EXERCISE >> Using the data that follows, output only the lines from the line with "相关部门出台多个文件持续规范" up to and including the line with "アシカをマネして前へ進んだり", exactly, leaving pictures aside.

RECORDS PROVIDED >>
------------------------------------------------

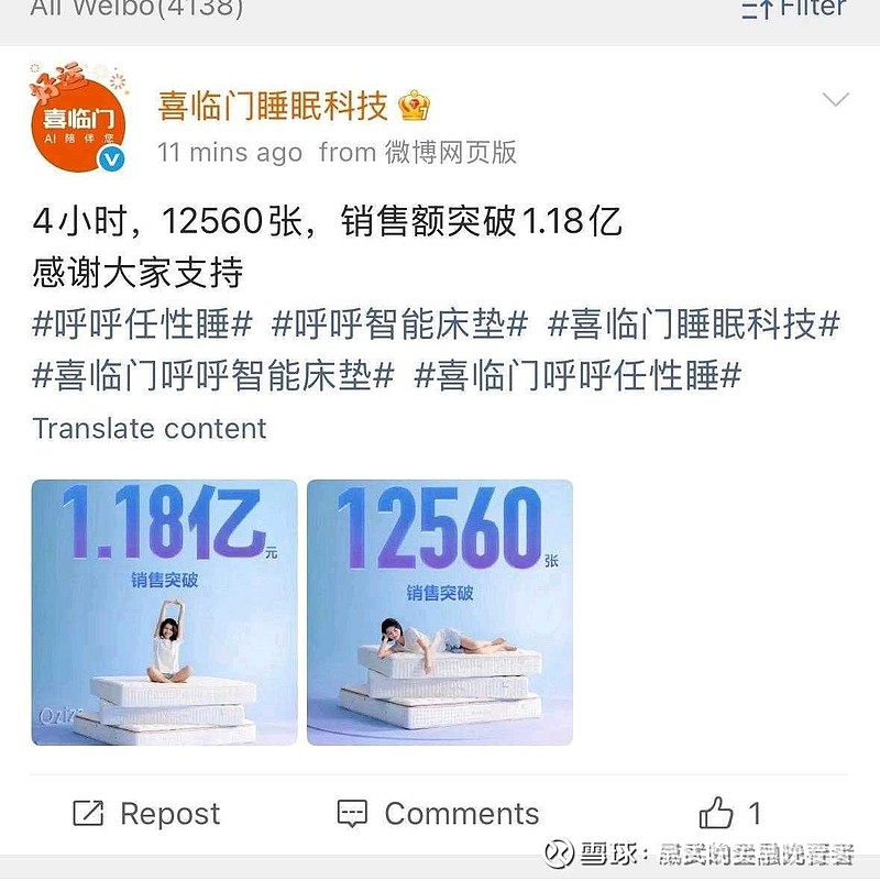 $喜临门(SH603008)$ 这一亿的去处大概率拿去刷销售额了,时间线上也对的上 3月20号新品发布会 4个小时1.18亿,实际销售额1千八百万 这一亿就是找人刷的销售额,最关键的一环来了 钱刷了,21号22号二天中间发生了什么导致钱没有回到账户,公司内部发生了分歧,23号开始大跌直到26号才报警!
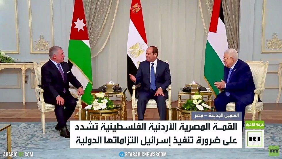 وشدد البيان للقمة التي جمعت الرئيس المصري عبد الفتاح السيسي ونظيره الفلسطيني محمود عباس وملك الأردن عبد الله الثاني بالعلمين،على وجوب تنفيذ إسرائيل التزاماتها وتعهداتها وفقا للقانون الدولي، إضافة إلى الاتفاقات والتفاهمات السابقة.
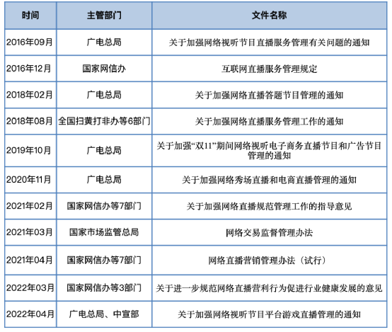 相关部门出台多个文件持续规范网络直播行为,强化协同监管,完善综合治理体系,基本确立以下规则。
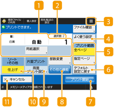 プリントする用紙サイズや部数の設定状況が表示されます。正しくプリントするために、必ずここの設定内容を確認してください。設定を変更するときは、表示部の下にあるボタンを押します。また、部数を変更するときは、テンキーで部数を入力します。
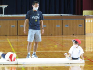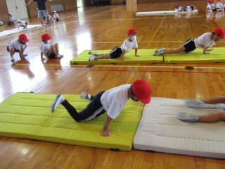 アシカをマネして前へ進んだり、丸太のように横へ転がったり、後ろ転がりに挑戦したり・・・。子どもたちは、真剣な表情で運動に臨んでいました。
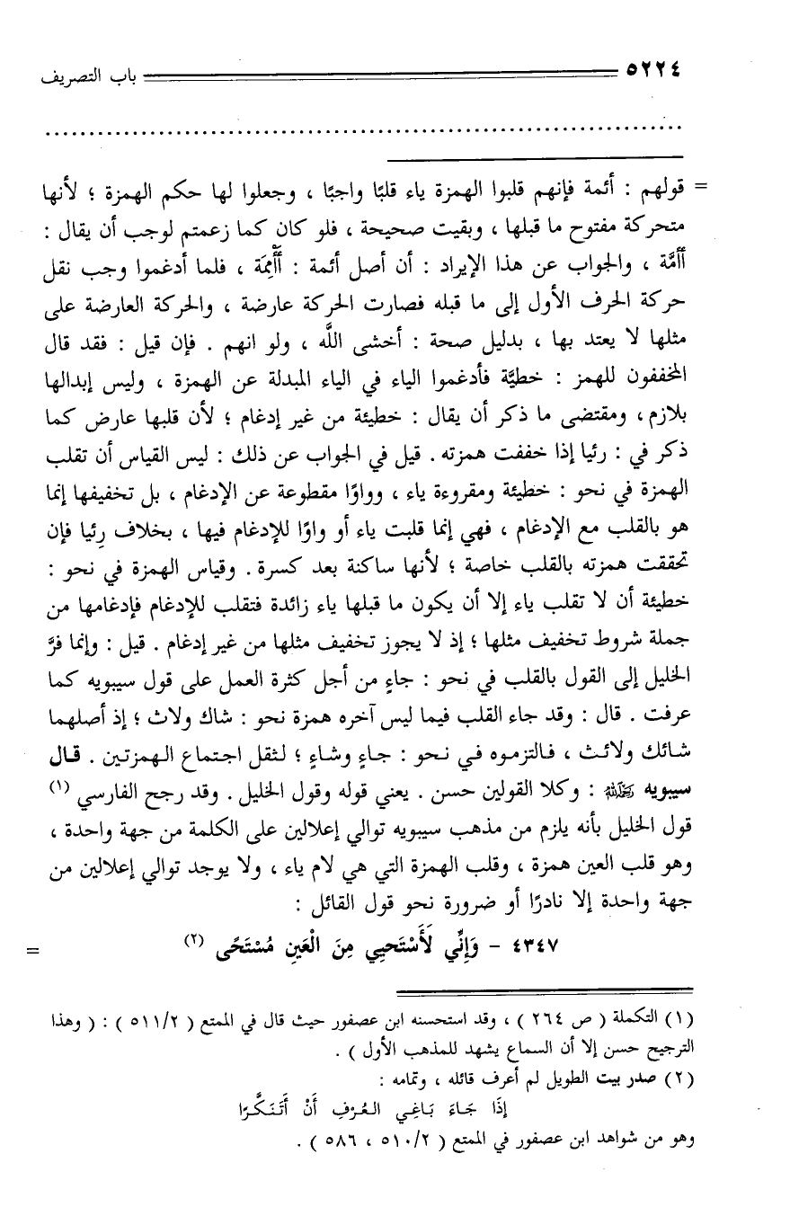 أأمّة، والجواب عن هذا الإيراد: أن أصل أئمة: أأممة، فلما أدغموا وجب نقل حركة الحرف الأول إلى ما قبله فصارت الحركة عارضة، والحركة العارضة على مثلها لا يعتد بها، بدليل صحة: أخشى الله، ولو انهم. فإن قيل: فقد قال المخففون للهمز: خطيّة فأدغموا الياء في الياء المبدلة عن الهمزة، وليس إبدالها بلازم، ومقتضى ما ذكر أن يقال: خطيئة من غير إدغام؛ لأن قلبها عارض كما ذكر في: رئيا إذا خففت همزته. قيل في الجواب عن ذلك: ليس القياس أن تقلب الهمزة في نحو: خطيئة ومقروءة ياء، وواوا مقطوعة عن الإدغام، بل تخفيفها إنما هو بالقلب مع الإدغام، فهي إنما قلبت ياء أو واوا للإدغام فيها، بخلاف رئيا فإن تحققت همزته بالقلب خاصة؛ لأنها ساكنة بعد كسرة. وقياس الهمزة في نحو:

------------------------------------------------

WRITTEN ANSWER >>
 相关部门出台多个文件持续规范网络直播行为,强化协同监管,完善综合治理体系,基本确立以下规则。
 プリントする用紙サイズや部数の設定状況が表示されます。正しくプリントするために、必ずここの設定内容を確認してください。設定を変更するときは、表示部の下にあるボタンを押します。また、部数を変更するときは、テンキーで部数を入力します。
 アシカをマネして前へ進んだり、丸太のように横へ転がったり、後ろ転がりに挑戦したり・・・。子どもたちは、真剣な表情で運動に臨んでいました。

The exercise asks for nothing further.